To fill the void in the market, “most centers now provide their customers with access to their services (nominating, parking/loaning etc.) via the Internet. Some also provide their customers with some buyer/seller matching services and limited gas trading,” the report said.

Market centers also took a hit when FERC issued its second-generation restructuring rule (Order 637), which required pipelines to offer parking and loaning and some other hub-type services to shippers. But “most centers found other ways to attract and keep customers while keeping volume transacted through the center at cost-effective levels. And, while the energy industry’s financial crisis of the past few years did affect many market centers, indications are that most have recovered well,” the EIA said.

Since 1997, six new market centers have become active in the U.S., including the ANR Joliet Hub and Colorado Interstate Gas Co.’s Cheyenne Hub, while eight market centers in the U.S. were deactivated “primarily because of a lack of trading and overall throughput volumes,” the EIA said.
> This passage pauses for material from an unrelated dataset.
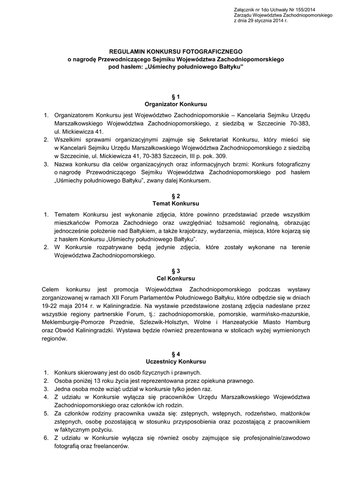Załącznik nr 1do Uchwały Nr 155/2014 Zarządu Województwa Zachodniopomorskiego z dnia 29 stycznia 2014 r. REGULAMIN KONKURSU FOTOGRAFICZNEGO o nagrodę Przewodniczącego Sejmiku Województwa Zachodniopomorskiego pod hasłem: „Uśmiechy południowego Bałtyku” §1 Organizator Konkursu 1. Organizatorem Konkursu jest Województwo Zachodniopomorskie – Kancelaria Sejmiku Urzędu Marszałkowskiego Województwa Zachodniopomorskiego, z siedzibą w Szczecinie 70-383, ul. Mickiewicza 41. 2. Wszelkimi sprawami organizacyjnymi zajmuje się Sekretariat Konkursu, który mieści się w Kancelarii Sejmiku Urzędu Marszałkowskiego Województwa Zachodniopomorskiego z siedzibą w Szczecinie, ul. Mickiewicza 41, 70-383 Szczecin, III p. pok. 309. 3. Nazwa konkursu dla celów organizacyjnych oraz informacyjnych brzmi: Konkurs fotograficzny o nagrodę Przewodniczącego Sejmiku Województwa Zachodniopomorskiego pod hasłem „Uśmiechy południowego Bałtyku”, zwany dalej Konkursem. §2 Temat Konkursu 1. Tematem Konkursu jest wykonanie zdjęcia, które powinno przedstawiać przede wszystkim mieszkańców Pomorza Zachodniego oraz uwzględniać tożsamość regionalną, obrazując jednocześnie położenie nad Bałtykiem, a także krajobrazy, wydarzenia, miejsca, które kojarzą się z hasłem Konkursu „Uśmiechy południowego Bałtyku”. 2. W Konkursie rozpatrywane będą jedynie zdjęcia, które zostały wykonane na terenie Województwa Zachodniopomorskiego. §3 Cel Konkursu Celem konkursu jest promocja Województwa Zachodniopomorskiego podczas wystawy zorganizowanej w ramach XII Forum Parlamentów Południowego Bałtyku, które odbędzie się w dniach 19-22 maja 2014 r. w Kaliningradzie. Na wystawie przedstawione zostaną zdjęcia nadesłane przez wszystkie regiony partnerskie Forum, tj.: zachodniopomorskie, pomorskie, warmińsko-mazurskie, Meklemburgię-Pomorze Przednie, Szlezwik-Holsztyn, Wolne i Hanzeatyckie Miasto Hamburg oraz Obwód Kaliningradzki. Wystawa będzie również prezentowana w stolicach wyżej wymienionych regionów. §4 Uczestnicy Konkursu 1. 2. 3. 4. Konkurs skierowany jest do osób fizycznych i prawnych. Osoba poniżej 13 roku życia jest reprezentowana przez opiekuna prawnego. Jedna osoba może wziąć udział w konkursie tylko jeden raz. Z udziału w Konkursie wyłącza się pracowników Urzędu Marszałkowskiego Województwa Zachodniopomorskiego oraz członków ich rodzin. 5. Za członków rodziny pracownika uważa się: zstępnych, wstępnych, rodzeństwo, małżonków zstępnych, osobę pozostającą w stosunku przysposobienia oraz pozostającą z pracownikiem w faktycznym pożyciu. 6. Z udziału w Konkursie wyłącza się również osoby zajmujące się profesjonalnie/zawodowo fotografią oraz freelancerów. §5 Zasady konkursu 1. Warunkiem uczestnictwa w konkursie jest przesłanie maksymalnie 3 (trzech) zdjęć, wraz z wypełnionym i podpisanym Formularzem zgłoszeniowym, stanowiącym Załącznik nr 1 do Regulaminu Konkursu. 2. Udział w Konkursie jest bezpłatny. 3. Zdjęcia oraz Formularz zgłoszeniowy, o którym mowa w § 5 ust. 1, należy nadsyłać w terminie od dnia 5 lutego do 15 kwietnia 2014 roku poprzez stronę internetową www.sejmik.wzp.pl. 4. Organizator nie przyjmuje prac nadesłanych tradycyjną drogą pocztową (w formie papierowej lub na płytach CD/DVD). 5. Nadesłane zdjęcia muszą być wolne od praw osób trzecich i w całości stanowić własność Uczestnika. 6. Do Konkursu mogą zostać zgłoszone tylko te fotografie, które nie zostały uprzednio nagrodzone bądź wyróżnione w żadnym innym konkursie. 7. Zgłoszone do konkursu fotografie powinny zostać przesłane w formacie plików JPEG, przy czym wielkość pliku nie może przekroczyć 10 MB; minimalna rozdzielczość zdjęcia: ok. 1200x1900 pix przy 75 DPI, optymalna rozdzielczość zdjęcia: 200 DPI 8. Przesłane fotografie powinny odzwierciedlać rzeczywisty sfotografowany obraz, co oznacza, że zabrania się dokonywania własnej obróbki dokonanego zdjęcia, np. poprzez usuwanie zobrazu lub dodawanie do obrazu zbędnych lub dodatkowych zdaniem Autora elementów. 9. Uczestnik Konkursu zgłaszając dane zdjęcie obowiązany jest odpowiednio je opisać poprzez wskazanie miejsca, gdzie zostało wykonane oraz daty, kiedy zostało zrobione. 10. Opisu, o którym mowa w ust. 9, dokonuje się w przeznaczonym do tego miejscu na stronie internetowej Organizatora wskazanej w ust. 3. 11. Organizator zastrzega sobie prawo wyłączenia z udziału w konkursie fotografii o niskiej jakości technicznej, przesłanych w złym formacie, rozdzielczości, wielkości pliku, na awersie których będą się znajdować jakiekolwiek znaki, cyfry (np. daty). 12. Uczestnik, poprzez przesłanie Formularza zgłoszeniowego do Konkursu, potwierdza, że jego zdjęcie/zdjęcia są jego własnością, nie narusza/naruszają praw, dóbr i godności osób trzecich, atakże, iż przysługują mu prawa autorskie do zdjęć w pełnym zakresie. Uczestnik potwierdza 13. 14. 15. 16. 17. również, iż zdjęcia te nie są w żaden sposób ograniczone lub obciążone na rzecz osób trzecich oraz że osoba przekazująca fotografie ma zgodę osób, których wizerunki utrwalono na fotografiach i uprawnienia do wyrażania zgody na wykorzystanie tych wizerunków. W przypadku wystąpienia przez osobę trzecią z roszczeniami wynikającymi z tytułu naruszenia praw określonych powyżej, uczestnik Konkursu zrekompensuje organizatorowi, jako osoba wyłącznie odpowiedzialna, koszty poniesione w związku ze skierowaniem przeciwko niemu roszczeń odszkodowawczych, pokrywając wszelkie zobowiązania organizatora, jakie powstaną z tego tytułu. W przypadku nagrodzenia lub wyróżnienia nadesłanego zdjęcia Uczestnik przenosi na Organizatora autorskie prawa majątkowe do zdjęć w zakresie rozporządzania nimi i korzystania z nich w rozumieniu ustawy z dnia 4 lutego 1994 roku o prawie autorskim i prawach pokrewnych (Dz. U. z 2006 r. Nr 90, po

Two of the largest that closed were the former Columbia Gas Center, which served the New York and Pennsylvania areas, and the Texaco Gulf Star Center, which operated in southern Louisiana near the Henry Hub.

Five proposed hubs have been canceled since 1996, according to the EIA. “All of these potential market centers were predicated upon the development of underground natural gas storage facilities that did not garner sufficient market interest or could not receive regulatory approval.” Currently, there are three proposed market centers pending, two in Alabama and one in Mississippi, but none is expected to become active until 2006-07 at the earliest.

“The defining characteristics of a natural gas market center are that it provides customers (shippers and gas marketers primarily) with receipt/delivery access to two or more pipeline systems, provides transportation between these points, and offers administrative services that facilitate that movement and/or transfer of gas ownership,” the report said. It noted that market centers are becoming increasingly attractive and important to producers and pipelines as well.

Market centers evolved in the late 1980s as an outgrowth of gas market restructuring to provide shippers with many of the “physical capabilities and administrative support” that had previously been handled by interstate pipelines.